The torogoz is the beautiful national bird of El Salvador. and for that reason I decided I wanted to build one. I’ve never visited El Salvador. But i have spent years of my life imagining it through the stories of my grandma and mom. through the stories of the people I’ve met since living in the bay or working with CISPES. And the torogoz is an undeniably beautiful bird. how can you not wonder about them? they are full of wonder.
When creating all of my ceramic pieces this semester I always felt like putting words to the surface. Writing is what has always held me close when i desired something badlyyyyy. If i cannot satiate my desire with actions. I can at the very least try to describe how the feeling is tearing through me. demanding I oblige the call. desire eats me up and my pen is always my witness.
A couple of months ago I was brought an instagram reel. It was about the song “Sombrero Azul”, a cumbia I know well and love endlessly, sang by Salsa Clave. Much like the Torogoz and the number seven “Sombrero Azul” has been hung up in my mind poking and pushing me. I had been feeling for months that there was something more to this song but i never had the time to investigate.
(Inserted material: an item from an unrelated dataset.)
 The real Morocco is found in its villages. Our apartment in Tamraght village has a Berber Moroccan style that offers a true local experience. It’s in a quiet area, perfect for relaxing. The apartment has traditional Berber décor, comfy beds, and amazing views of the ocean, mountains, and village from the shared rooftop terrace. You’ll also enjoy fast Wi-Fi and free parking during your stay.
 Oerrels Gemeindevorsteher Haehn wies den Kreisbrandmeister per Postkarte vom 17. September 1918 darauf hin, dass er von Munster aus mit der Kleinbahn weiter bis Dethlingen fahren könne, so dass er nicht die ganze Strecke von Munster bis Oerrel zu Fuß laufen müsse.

So, of course, i was brought an instagram reel. I learned that Sombrero Azul was originally written by Alí Primera, a Venezuelan singer, composer and political activist. He wrote the song in 1981 as a response to the armed violence occurring against the people of El Salvador during the, heavily U.S. backed, Civil war (1979-1992). He sings about the strength of the Salvadoran people. About the brutality of the repression they face. About how one day their happiness, their strength, their colors, how they will wash away the deep sadness brought by the bloodshed of their people. And to the inevitable downfall of the empire that wishes to kill their love for their people and homeland. I watched a live performance of the song at “La Concierto por la paz en Centroamérica” (April of 1983) in La plaza de la Revolución in Managua, la capital de Nicaragua on youtube. i watched and i sobbed. I sobbed thinking about how the people who love me and watch over me. They brought me this moment and this memory so that I may not forget how long this grief has been holding up. How i am a part of their fight, their journey and a conduit for their pain. I felt like they brought this to me to give me hope and remind me of the power of music and art as a tool for resistance. the importance of building and keeping morale as everything intensifies across the globe.
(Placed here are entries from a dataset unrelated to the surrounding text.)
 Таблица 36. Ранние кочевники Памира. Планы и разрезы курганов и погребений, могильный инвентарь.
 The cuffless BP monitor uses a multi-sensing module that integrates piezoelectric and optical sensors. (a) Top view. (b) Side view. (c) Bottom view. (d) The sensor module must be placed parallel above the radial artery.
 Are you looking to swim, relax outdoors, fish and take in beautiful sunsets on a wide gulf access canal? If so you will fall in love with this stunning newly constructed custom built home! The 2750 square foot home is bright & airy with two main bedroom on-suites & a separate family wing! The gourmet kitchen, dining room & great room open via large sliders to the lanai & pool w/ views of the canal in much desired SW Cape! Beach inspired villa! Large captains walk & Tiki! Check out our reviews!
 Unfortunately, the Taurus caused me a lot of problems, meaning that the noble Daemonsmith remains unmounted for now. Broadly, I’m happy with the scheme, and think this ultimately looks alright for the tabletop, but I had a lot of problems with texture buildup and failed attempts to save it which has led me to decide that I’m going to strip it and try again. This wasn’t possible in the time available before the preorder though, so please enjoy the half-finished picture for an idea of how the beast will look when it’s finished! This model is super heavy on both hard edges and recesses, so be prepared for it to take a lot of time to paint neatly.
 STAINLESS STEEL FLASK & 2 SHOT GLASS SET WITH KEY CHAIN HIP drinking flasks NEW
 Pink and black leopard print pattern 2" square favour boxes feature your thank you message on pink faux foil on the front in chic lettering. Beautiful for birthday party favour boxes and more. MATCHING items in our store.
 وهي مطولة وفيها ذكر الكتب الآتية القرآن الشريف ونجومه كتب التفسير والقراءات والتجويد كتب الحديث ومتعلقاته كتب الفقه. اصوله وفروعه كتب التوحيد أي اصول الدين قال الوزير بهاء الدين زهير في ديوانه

In this song, both the Primera original and the Salsa Clave cumbia, the lyric
“Y dale salvadoreño, dale
que no hay pajaro pequeño, dale
que despues de alzar el vuelo, dale
always struck my ear to pay so much attention to its call.
I thought “god, this is how you inspire a people.”. This song. that lyric.
So i adorned my Torogoz with these words. Right on her wings where she may take flight. until her land and her people are liberated.
I wish one day to feel what it is to be home in El Salvador. To hold every Salvadoran close and hear their stories and most importantly remember their life, their love, and their flight.
I urge anyone feeling hopeless or
scared or disenfranchised to watch the performance. Read about the concert. To translate the lyrics. watch it and share with me how it made you feel pretty please.
Music is so very powerful because when we as people are held up against a wall we still have our hearts where music and words and colors can touch us the most deeply. Where music can inspire us to act for our community but with confidence and with a purpose, to relieve the pain and heal the loss. This bird has brought me much to dream about but most importantly much to continue flying forward for. I’m trying to will the same for you. All of my people.